There are many avenues available in today’s market to invest your money and multiply your wealth. However, fixed deposit remains to be the favourite option, especially for the conservative investors. We list down few tips before you invest your money into fixed deposits (FD)

Fixed Deposits aren’t completely safe

The biggest reason people prefer FDs over any other avenue is because of its risk free attribute. However, fixed deposits too aren’t entirely safe. Deposit Insurance and Credit Guarantee Corporation (DICGC) provides security for deposits up to Rs 1 lakh per customer per bank. Therefore, if you have Rs 3 lakh to invest, it is advised to split the amount and invest it in three different banks.

Ladder your investments

As said earlier, distributing your investments to different banks is an advised move.
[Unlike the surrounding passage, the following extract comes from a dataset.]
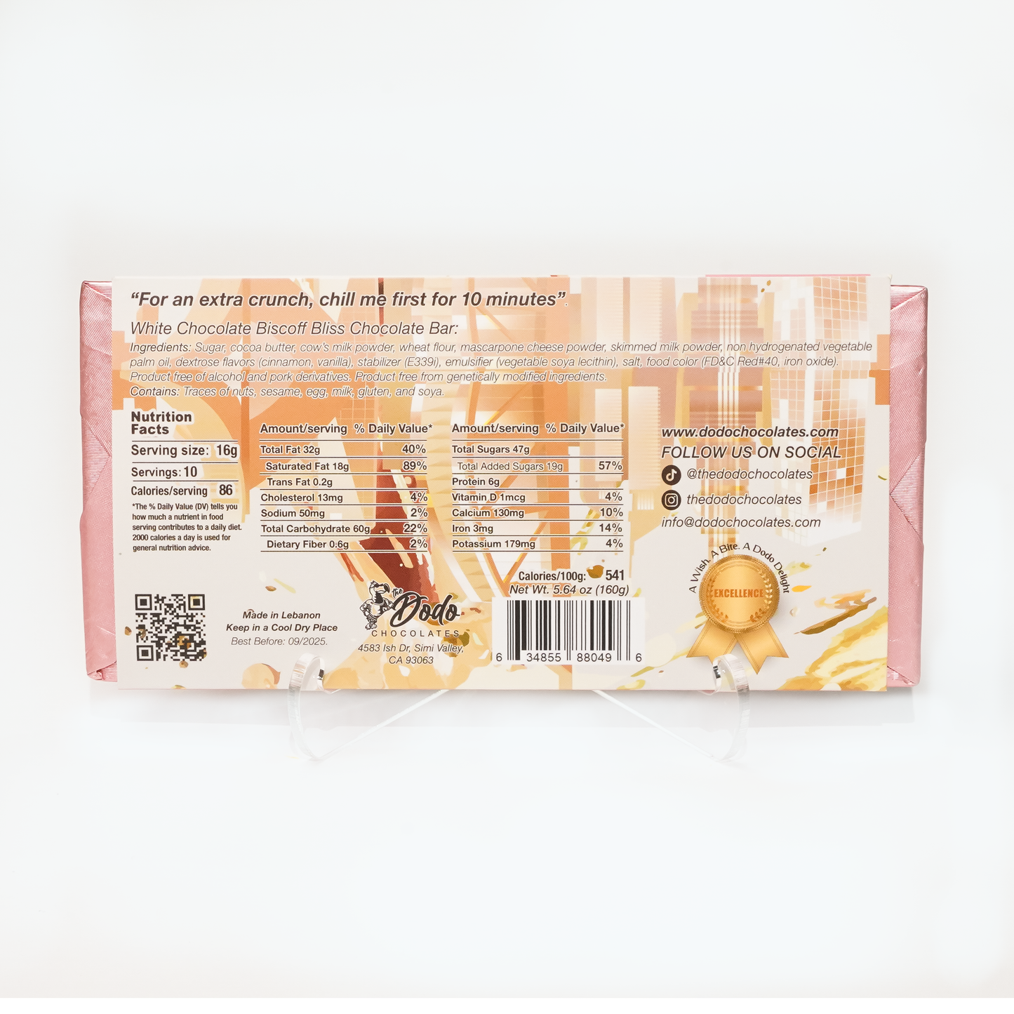 Prepare to experience bliss in every bite with The Dodo Chocolates White Chocolate Cookie Butter Bliss Bar. Now launching exclusively in the USA, this sensational chocolate bar is set to take your taste buds on a heavenly journey.

However, freezing your money for a long period of time at low rate of interests needs to be avoided as well. Therefore, ladder your investments. Invest money in different banks with different tenure and maturity period. So, there is a good sum of money available for you when needed.

Premature withdrawals invite a penalty

Many times we fall prey to lucrative offers provided by banks. For instance, if a fixed deposit is available to you at a rate of 9% for a year and 9.5% for five years, don’t fall for the longer tenure. There is a high possibility that you might require money in the near future and premature withdrawal comes with a penalty.

TDS is only an interim tax

The interest earned on your fixed deposit is completely taxable. For instance, if the interest earned from your fixed deposit is more than Rs 10,000, then the tax will be deducted as per the defined rate, at source. Also, if you fall in the higher tax bracket, then you are likely to pay a higher tax.

Income incurred from FDs is clubbed with yours

The income earned from your fixed deposit is clubbed with your annual income. So, if you feel that you might get away with the taxation hassles by investing in a fixed deposit under your spouse or children’s name, you will still be taxed. However, here the income will be added under the income of the giver and accordingly the tax procedures will be carried.